La elección de carbohidratos depende no solo de la cantidad, sino también de la velocidad con la que se digieren y están disponibles como energía. Aquí es donde entra en juego el índice glucémico (IG), que mide el impacto de un alimento en el azúcar en sangre.
- IG bajo (≤ 55): liberación lenta y gradual → ayuda a estabilizar la energía. Buena opción si se consume 3 o 4 horas antes (p. ej.: arroz integral, avena, manzana).
- IG alto (≥ 70): disponibilidad rápida → útil cuando se come dentro de la hora anterior (por ejemplo: pan blanco, dátiles, jugo).
En la práctica: el IG no es el factor clave en el rendimiento, pero ayuda a adecuar el tipo de carbohidrato al momento de la comida (Burke et al., 2011).
Hidratación: el factor que muchos descuidan
Un déficit de tan solo el ~2% del peso corporal ya puede reducir el rendimiento. Planifica:
- Dentro de las 2 horas anteriores: ≈ 500 ml de agua.

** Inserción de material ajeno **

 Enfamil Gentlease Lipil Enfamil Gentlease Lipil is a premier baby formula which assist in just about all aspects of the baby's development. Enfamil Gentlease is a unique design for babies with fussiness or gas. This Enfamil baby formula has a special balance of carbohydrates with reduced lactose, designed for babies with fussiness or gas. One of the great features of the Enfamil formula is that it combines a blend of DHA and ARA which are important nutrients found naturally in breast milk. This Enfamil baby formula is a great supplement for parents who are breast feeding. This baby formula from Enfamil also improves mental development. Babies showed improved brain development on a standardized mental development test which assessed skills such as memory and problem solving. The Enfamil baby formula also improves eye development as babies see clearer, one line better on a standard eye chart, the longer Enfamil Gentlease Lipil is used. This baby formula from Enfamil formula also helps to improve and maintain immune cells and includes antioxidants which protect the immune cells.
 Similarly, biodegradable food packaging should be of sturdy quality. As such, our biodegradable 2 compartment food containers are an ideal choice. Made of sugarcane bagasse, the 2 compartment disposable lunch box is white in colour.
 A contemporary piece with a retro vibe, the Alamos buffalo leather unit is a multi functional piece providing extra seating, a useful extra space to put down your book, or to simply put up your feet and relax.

- Justo antes de salir: 200–300 ml (más si hace calor).
- Si la sesión supera los 90 min., una bebida energética (6–8% carbohidratos) con electrolitos.
¿Las mismas reglas para correr, andar en bicicleta y nadar?

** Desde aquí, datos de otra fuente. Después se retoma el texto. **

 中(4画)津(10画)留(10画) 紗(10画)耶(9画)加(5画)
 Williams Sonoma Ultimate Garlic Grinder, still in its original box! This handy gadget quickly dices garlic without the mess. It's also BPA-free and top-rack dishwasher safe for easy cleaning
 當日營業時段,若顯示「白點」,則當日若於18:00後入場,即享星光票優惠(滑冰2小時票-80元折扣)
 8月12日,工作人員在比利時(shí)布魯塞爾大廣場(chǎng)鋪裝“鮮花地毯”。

Los principios fundamentales se aplican a todos los deportes de resistencia, pero cada disciplina tiene sus particularidades, especialmente a nivel digestivo.
Al correr, los impactos repetidos hacen que la digestión sea más sensible. Por lo tanto, es recomendable comer ligero, bajo en fibra, para evitar molestias.

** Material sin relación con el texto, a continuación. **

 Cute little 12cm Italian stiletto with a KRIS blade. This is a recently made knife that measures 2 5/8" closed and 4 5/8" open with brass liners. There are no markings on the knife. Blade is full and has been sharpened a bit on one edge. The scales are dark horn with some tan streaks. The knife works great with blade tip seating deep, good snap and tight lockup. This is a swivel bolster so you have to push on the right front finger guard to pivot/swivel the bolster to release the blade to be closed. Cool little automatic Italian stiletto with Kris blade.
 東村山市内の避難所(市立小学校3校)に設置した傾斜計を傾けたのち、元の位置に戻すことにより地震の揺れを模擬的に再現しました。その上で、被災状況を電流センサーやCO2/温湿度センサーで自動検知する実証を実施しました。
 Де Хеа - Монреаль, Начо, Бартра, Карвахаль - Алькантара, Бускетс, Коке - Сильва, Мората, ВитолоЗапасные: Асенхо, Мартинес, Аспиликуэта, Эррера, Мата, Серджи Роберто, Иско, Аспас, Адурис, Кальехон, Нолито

Al montar en bicicleta, la posición sentada facilita la digestión. Puedes comer algo más sustancioso, siempre que lo hagas con suficiente tiempo antes de subirte a la bicicleta.
Al nadar, la sensación de pesadez es un problema si se come demasiado justo antes. Es mejor optar por un refrigerio fácil de digerir, como un plátano o una bebida energética.
En resumen
- 1–4 g/kg de carbohidratos entre 1 y 4 h antes, dependiendo del momento y la tolerancia.
- Limita las grasas y la fibra para reducir los riesgos gastrointestinales.
- IG bajo si la comida está lejos, IG alto si el refrigerio está cerca.
- Cuida la hidratación al despertar.
- Adaptar consistencia y volumen según el deporte.
Planificar tu comida con antelación te llenará de energía y limitará tus posibilidades de fracasar.
Referencias
- Thomas DT, Erdman KA, Burke LM. Posición de la Academia de Nutrición y Dietética, Dietistas de Canadá y el Colegio Americano de Medicina del Deporte: Nutrición y Rendimiento Atlético. J Acad Nutr Diet. 2016;116(3):501-528.
- Cermak NM, van Loon LJ. El uso de carbohidratos durante el ejercicio como ayuda ergogénica. Sports Med. 2013;43(11):1139-1155.
- Burke LM, Hawley JA, Wong SHS, Jeukendrup AE. Carbohidratos para el entrenamiento y la competición. J Sports Sci. 2011;29(sup1):S17-S27.